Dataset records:
__________________________________________________

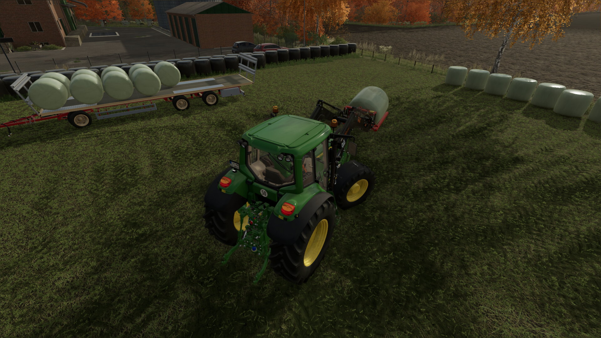 Da der Hof wenig Platz bietet, werden die Ballen auf derselben Wiese gelagert wie die Maisballen.
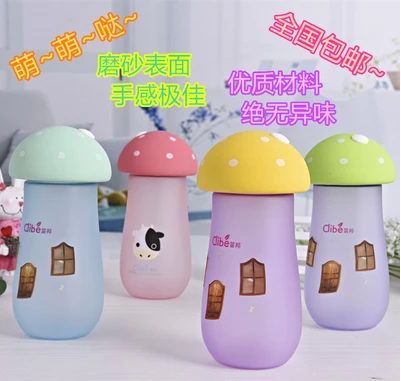 creative lady children's thickened heat insulation water cup portable and cute fashion frosted mushroom water bottle 中文版
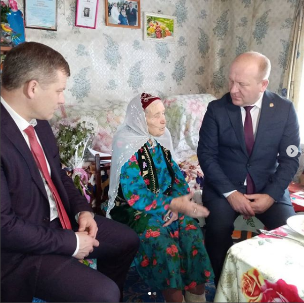 В преддверии 75-летия Великой Победы, в рамках проекта "У войны не женское лицо" поздравить ветерана пришли глава района Марат Гафаров, заместитель главы Стародрожжановского сельского поселения Рамиль Низамов.
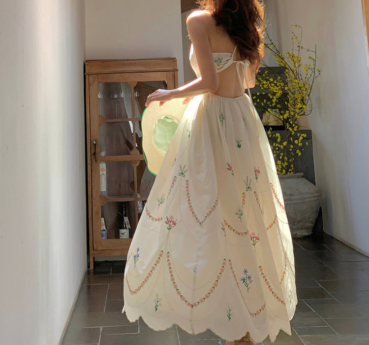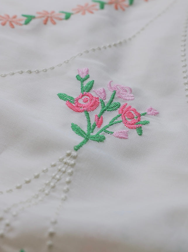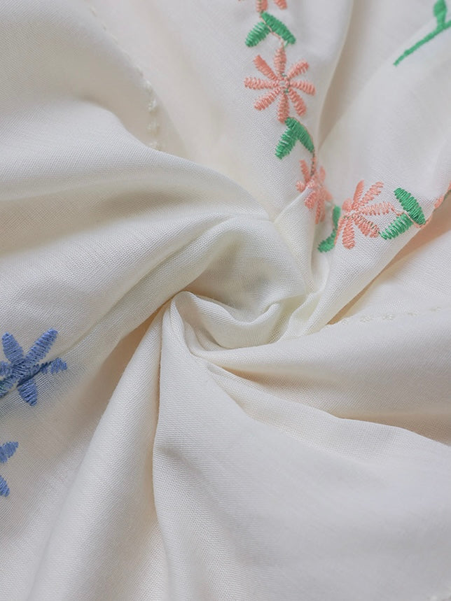 Delicate embroidered wavy details at the hem lend a youthful, feminine touch. Crafted from skin-friendly cotton with exquisite floral embroidery, this fabric is soft and breathable, keeping you cool even on warm days. The fine floral and vine embroidery creates a stylish, three-dimensional design that embodies elegance and romance, reminiscent of a blooming flower garden.
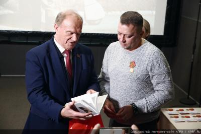 После осмотра музейных экспозиций в актовом зале состоялась церемония награждения пчеловодов - участников СВО памятными медалями ЦК КПРФ «80 лет Донбасской наступательной операции». Также Геннадий Зюганов вручил партийный билет заслуженному пчеловоду из Дагестана Мирзе Гасанову.

__________________________________________________

■ **Work order**
Your answer should be an exact copy of the entries above, with no images included.

■ **Answer below**
 Da der Hof wenig Platz bietet, werden die Ballen auf derselben Wiese gelagert wie die Maisballen.
 creative lady children's thickened heat insulation water cup portable and cute fashion frosted mushroom water bottle 中文版
 В преддверии 75-летия Великой Победы, в рамках проекта "У войны не женское лицо" поздравить ветерана пришли глава района Марат Гафаров, заместитель главы Стародрожжановского сельского поселения Рамиль Низамов.
 Delicate embroidered wavy details at the hem lend a youthful, feminine touch. Crafted from skin-friendly cotton with exquisite floral embroidery, this fabric is soft and breathable, keeping you cool even on warm days. The fine floral and vine embroidery creates a stylish, three-dimensional design that embodies elegance and romance, reminiscent of a blooming flower garden.
 После осмотра музейных экспозиций в актовом зале состоялась церемония награждения пчеловодов - участников СВО памятными медалями ЦК КПРФ «80 лет Донбасской наступательной операции». Также Геннадий Зюганов вручил партийный билет заслуженному пчеловоду из Дагестана Мирзе Гасанову.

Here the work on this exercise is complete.